Unfortunately, this isn't consistent throughout the franchise. Hell, even episode 2 explicitly stating druids can't think comes just one movie after we had a ceremony to present R2 a medal for saving the ship. And it certainly seems like more recent Star Wars stuff prefers to lean towards humanizing the droids.
Keep in mind each droid is not the same. This was eluded to in episode 1. The battle droids were cheap so they had a centralized controller.
TCW tv show first episode calls this out where the battle droids explicitly said “we are independent thinkers”
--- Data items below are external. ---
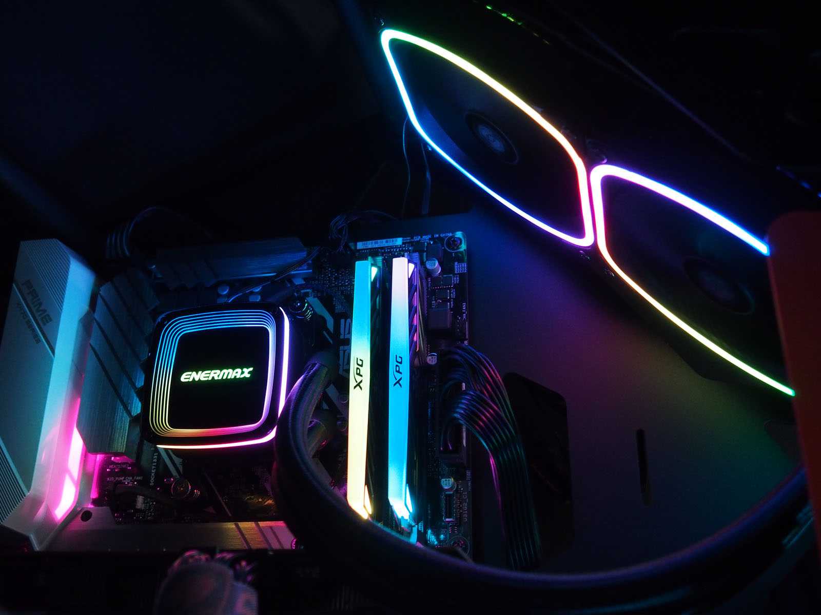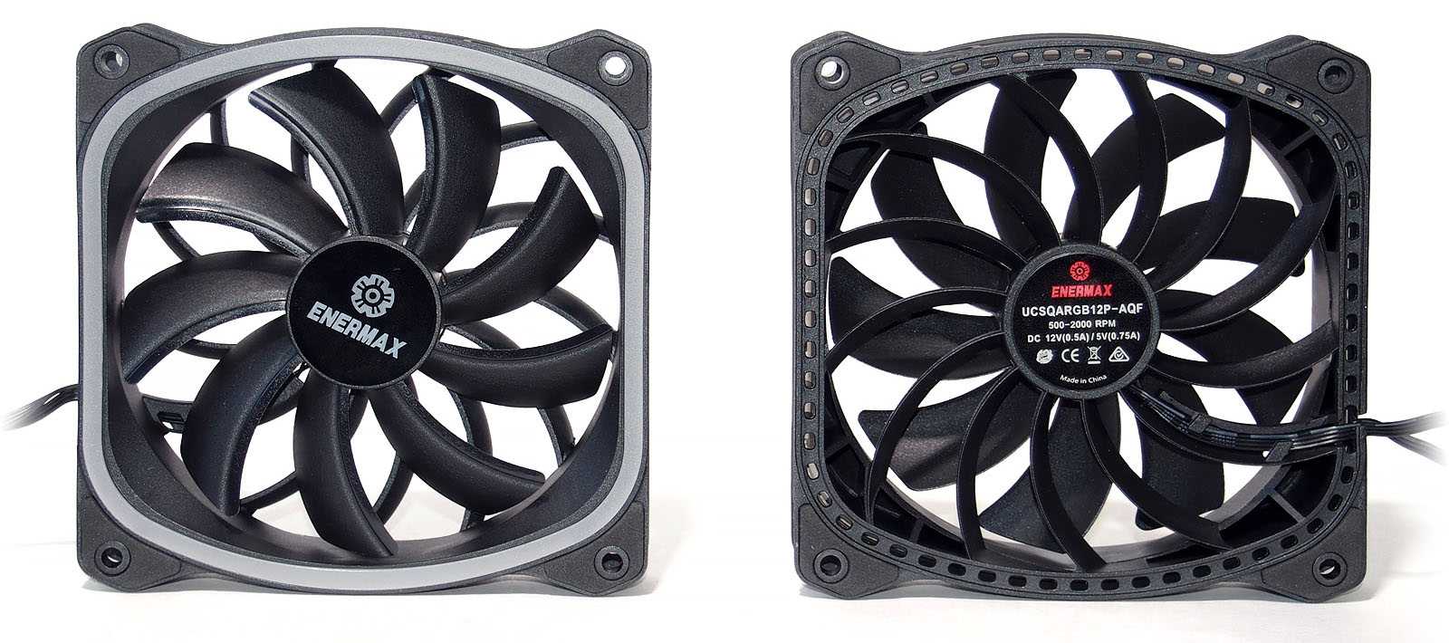 Комплектные вентиляторы Enermax UCSQARGB12P-AQF — весьма производительные экземпляры со скоростью вращения крыльчатки от 500 до 2000 оборотов в минуту. Они создают воздушный поток до 79,8 CFM и воздушное давление до 3.6 мм H2O. На практике вентиляторы стабильно работают при скорости от 350 оборотов и выше.
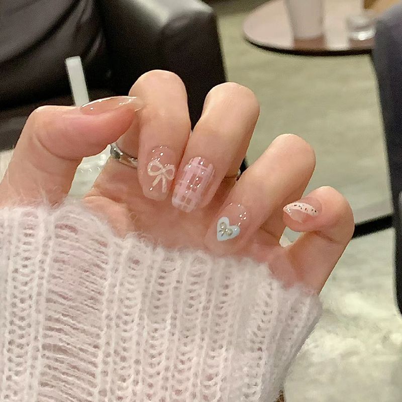 碎花樱桃半手工美甲夏日少女贴片石膏蝴蝶结可爱新款穿戴指甲学生
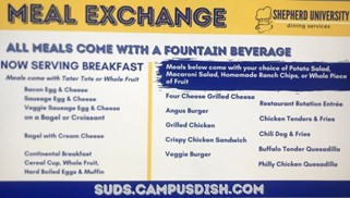 A common plan that Shepherd University provides, the flex 14-meal plan offers fewer than three meals a day (14 meals a week) but also gives $115 dining dollars, which can be used within the food service buildings.
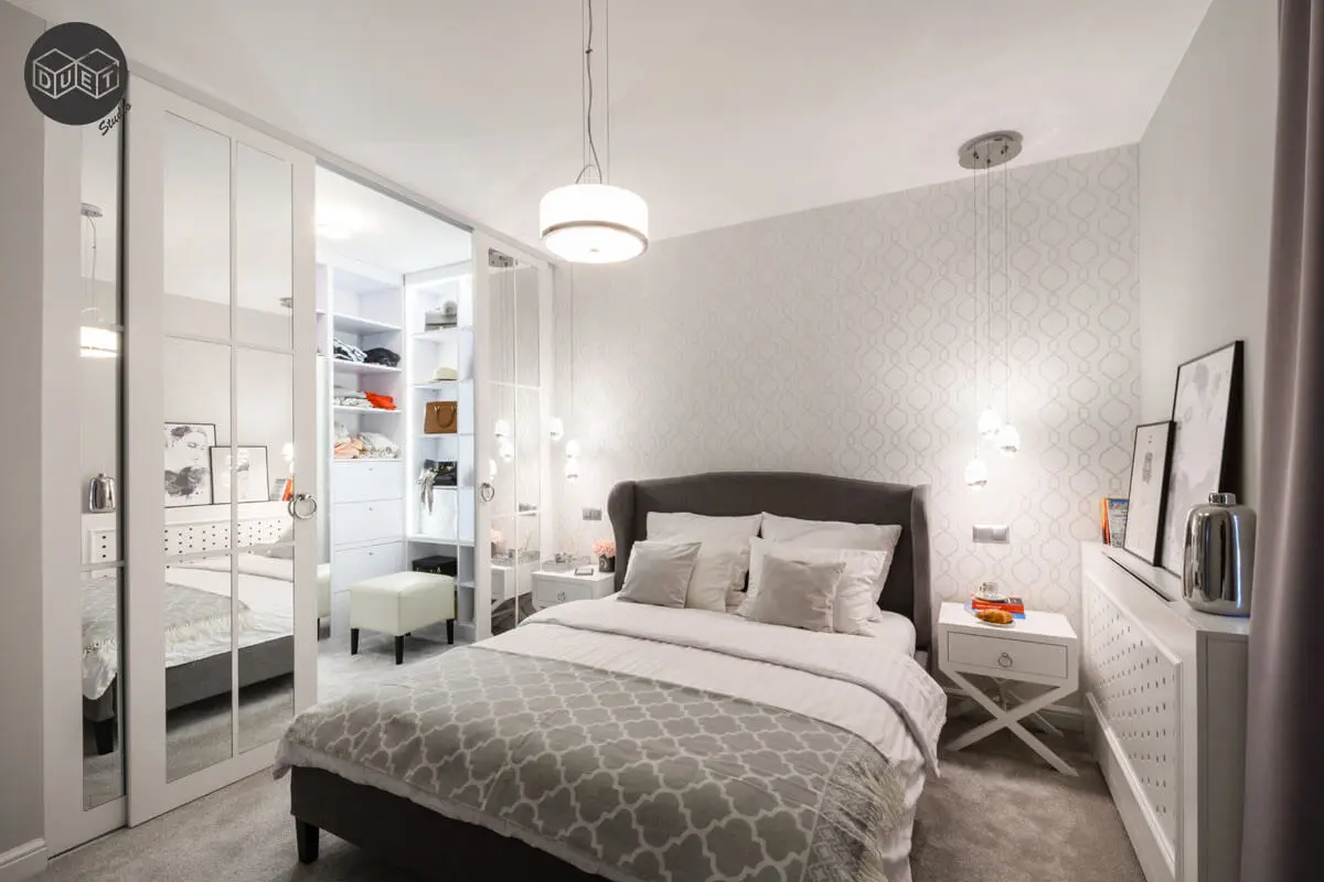 Sypialnię gospodarzy domu z wydzieloną garderobą, zaprojektowano w szarej kolorystyce z miękką wykładziną dywanową na podłodze. To rozwiązanie nie tylko sprawia, że wnętrze staje się bardziej przytulne, ale też poprawia akustykę (wycisza).
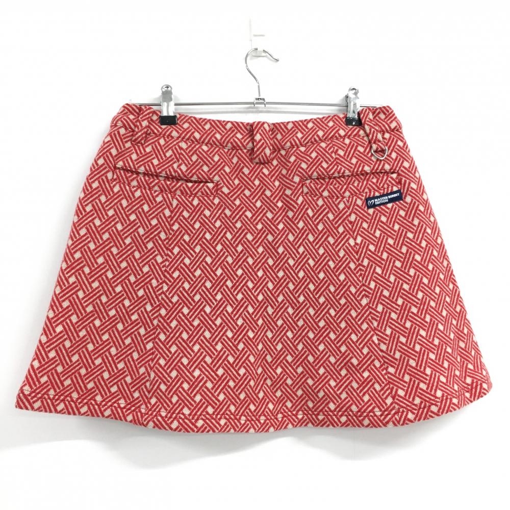 【超美品】マスターバニー スカート レッド×ベージュ ウール混 裏地付 レディース 2(L) ゴルフウェア MASTER BUNNY EDITION
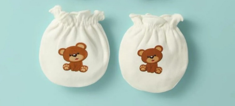 Cotton Mittens , Printed , 0-3 Months , Multi Color |
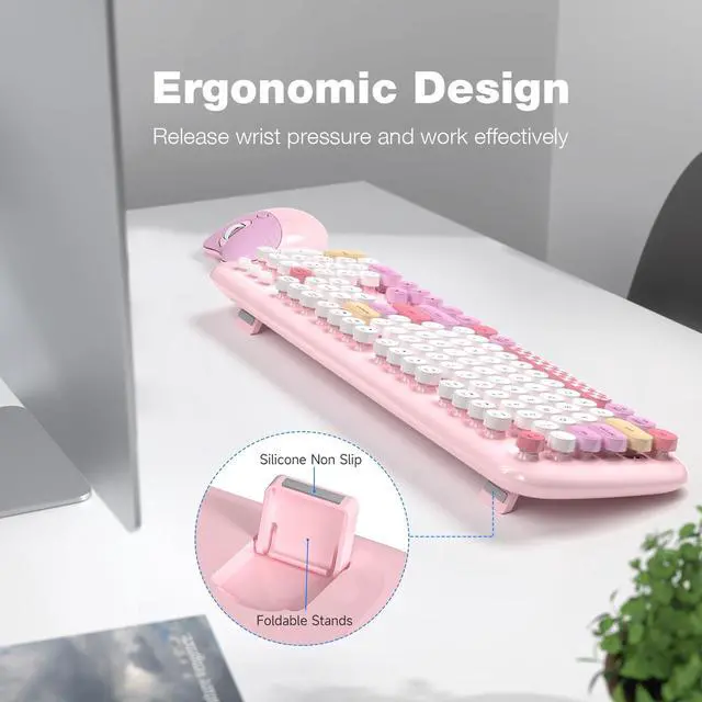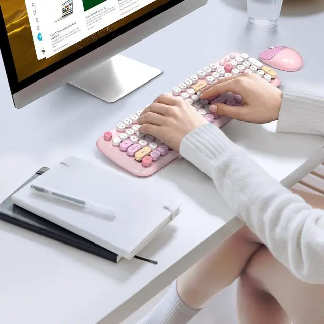 Full-size Office Keyboard-This colorful cute keyboard features 104 keys with round keycaps in a typewriter - style design. It looks retro and gives you a great typing feel. The keycaps can be removed for easy cleaning. Use it with our colorful mouse and enjoy typing!
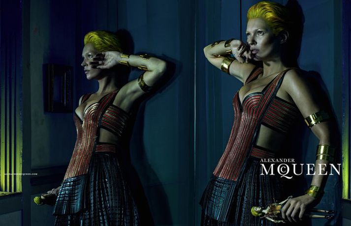 Ofurfyrirsætan Kate Moss er dökk og dularfull í nýrri auglýsingaherferð fyrir tískurisann Alexander McQueen. Ljósmyndarinn Steven Klein myndaði Kate í austurhluta Lundúnaborgar en á myndunum minnir Kate óneitanlega á leikkonuna og Íslandsvinkonuna Tildu Swinton. Þá framleiddi Steven líka tískumynd fyrir herferðina. Sótti hann innblástur í bresku spennumyndina Peeping Tom sem fjallar um raðmorðingja sem drepur konur og tekur síðustu andartök þeirra upp.
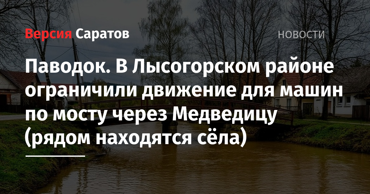 Из-за повышения уровня воды Лысогорском районе ограничено автомобильное движение по мостам через реку Медведица у сёл Атаевка и Невежкино. Об этом сообщил губернатор Саратовской области Роман Бусаргин.
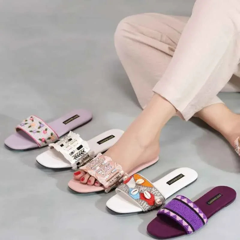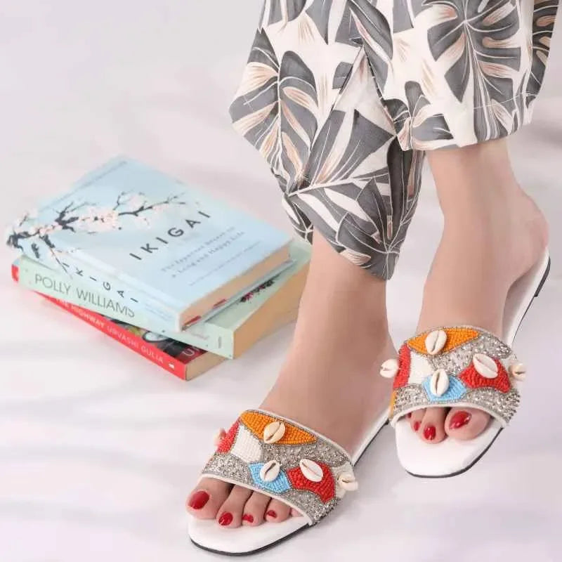 Inspired by the serene treasures of the sea, these slides feature artisanal seashell details intricately set on woven textures. They effortlessly evoke memories of beachside strolls, seaside bonfires, and laid-back island vibes. Ideal with light beach dresses or casual shorts, let them serenade your feet with every step.
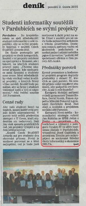 29. ledna 2015, Pardubice - Do Pardubic se sjeli středoškolští studenti informatiky z celé republiky, aby se svými projekty bojovali v soutěži Czech StudNET Awards 2015. Do finále postoupilo pět projektů ve třech kategoriích. Soutěžili v ní projekty založené na spolupráci s firmami, ale i takové, na kterých studenti pracovali sami. „Chceme ukazovat příklady, kde spolupráce mezi firmami a studenty nese ovoce. Mezi středoškoláky však vznikají velmi kvalitní projekty, o kterých firmy vůbec nevědí. Soutěž bude pomáhat, aby se firmy i studenti vzájemně našli a byli si nápomocni,“ říká Jiří Formánek, ředitel soutěže.
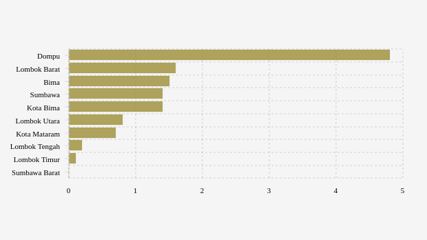 Kondisi yang sama terjadi di Lombok Barat yang mencatatkan positivity rate tujuh hari terakhir sebesar 1,62 persen. Di kabupaten ini, positivity rate tujuh hari terakhir juga terlihat lebih tinggi dibandingkan pekan sebelumnya yang baru 0,4 persen. Di urutan berikutnya Bima. Kabupaten di provinsi NTB ini mencatatkan positivity rate tujuh hari terakhir sebesar 1,46 persen
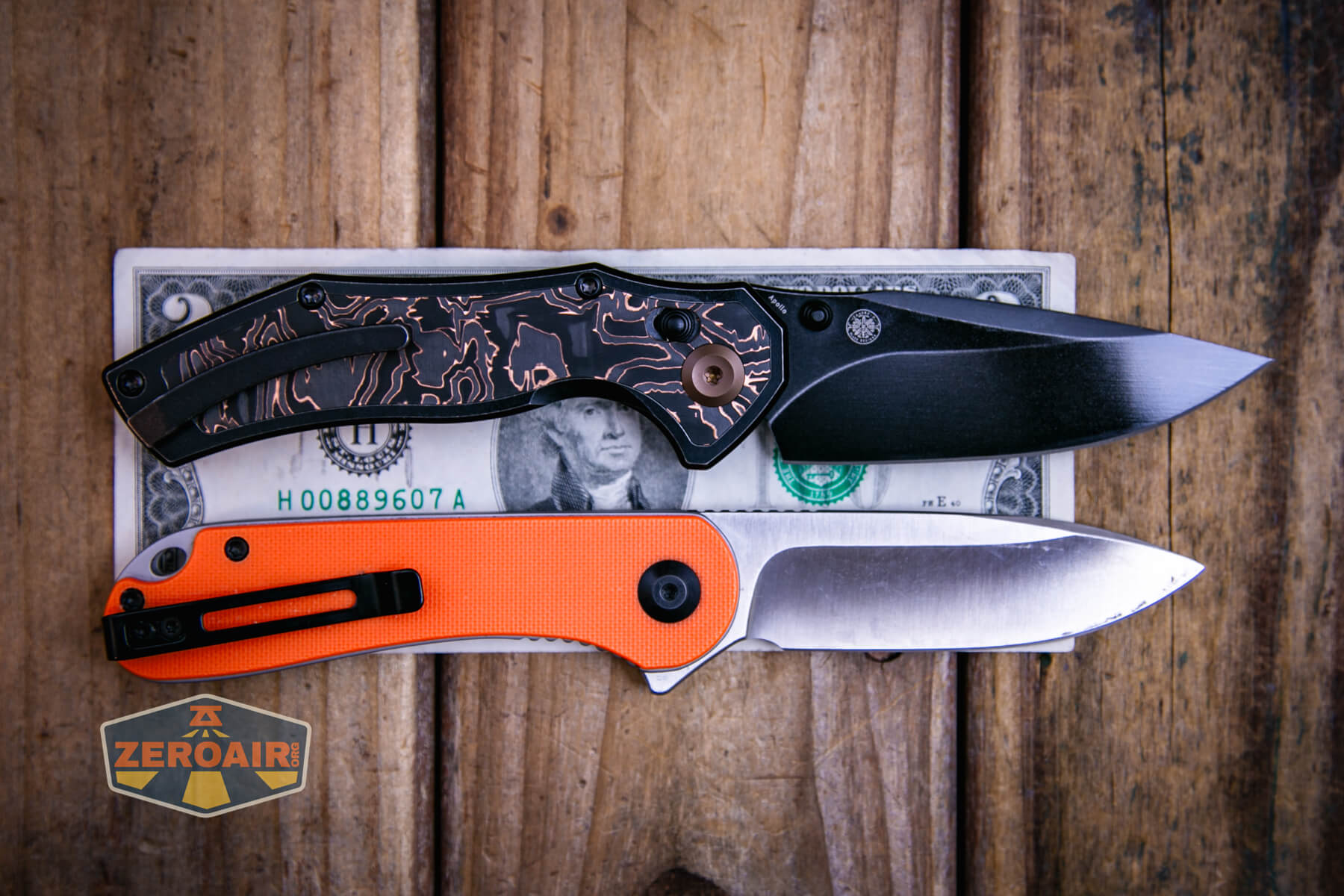 Above, you can see the Kansept Apollo knife with the Civivi Elementum in orange G10. I use that knife so much!
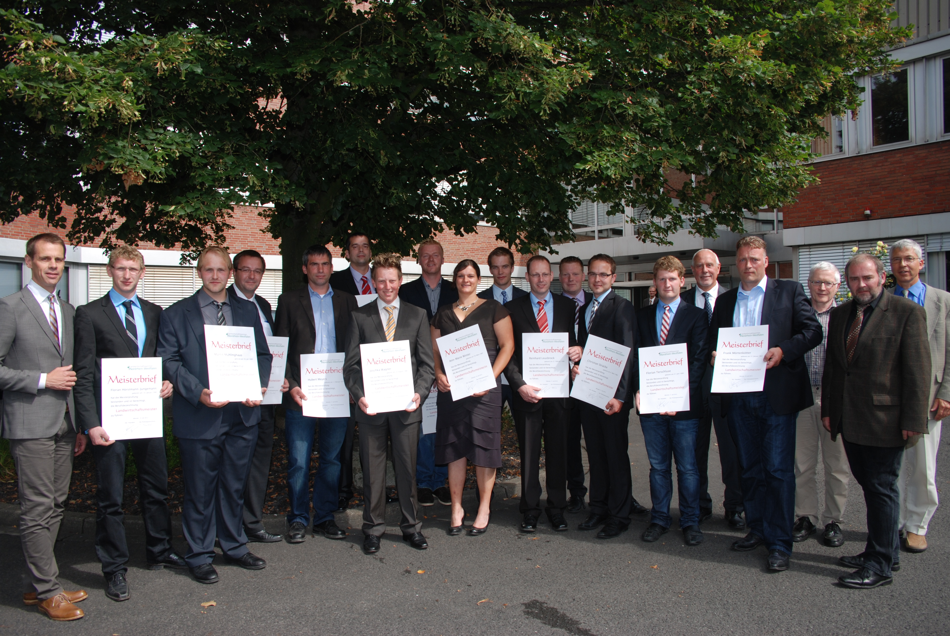 Die ersten Landwirtschaftsmeister, die in Nordrhein-Westfalen ihre Prüfung nach dem Besuch einer zweijährigen Teilzeitfachschule abgelegt haben, erhielten am 24. August in Münster aus der Hand von Landwirtschaftskammer-Präsident Johannes Frizen ihre Meisterurkunden. Die 14 frischgebackenen Landwirtschaftsmeister haben sich in den vergangenen beiden Jahren, überwiegend an den Wochenenden, am Berufskolleg der Landwirtschaftskammer Nordrhein-Westfalen in Münster-Wolbeck auf die Meisterprüfung vorbereitet. Mit diesem neuen Unterrichtsangebot bietet die Landwirtschaftskammer Nordrhein-Westfalen seit 2009 erstmals auch für Landwirte die Möglichkeit, sich beruflich weiterzubilden und gleichzeitig den Arbeitsplatz zu behalten. Für Gärtner wird der Teilzeitunterricht bereits seit einigen Jahren angeboten, hier hat die Landwirtschaftskammer eine große Nachfrage nach dieser Unterrichtsform festgestellt.

Which directly contradicts the statement in episode 2:
Obi-Wan: "Well if droids could think, there'd be none of us here, would there?"
If we accept Obi-Wan's characterization, then those droids may be able to operate independently, but they aren't actually thinking.
Again, I think a lot of Star Wars media has leaned towards making droids people and not just walking computers with a friendly ui. It's convenient for storytelling because it's easier to write and allows for droid characters to play larger roles and be more relatable to the audience.
But from a world building perspective it creates a lot of unfortunate implications and just makes less sense. The existence of truly intelligent robots should fundamentally alter the world but it never does.
It doesn’t make sense to make battle droids hyper intelligent. They are supposed to be mass produced, why would you make them expensive?
We see that they can make hyper intelligent droids, TCW has assassin droids and commander droids.
They are clearly more expensive, since some are uniquely adorned with decorations.
Astromechs would have to be on the more intelligent side, since they handle flying, mechanic work, navigation, etc.
The average B1 droids doesn’t need much more than chatgpt.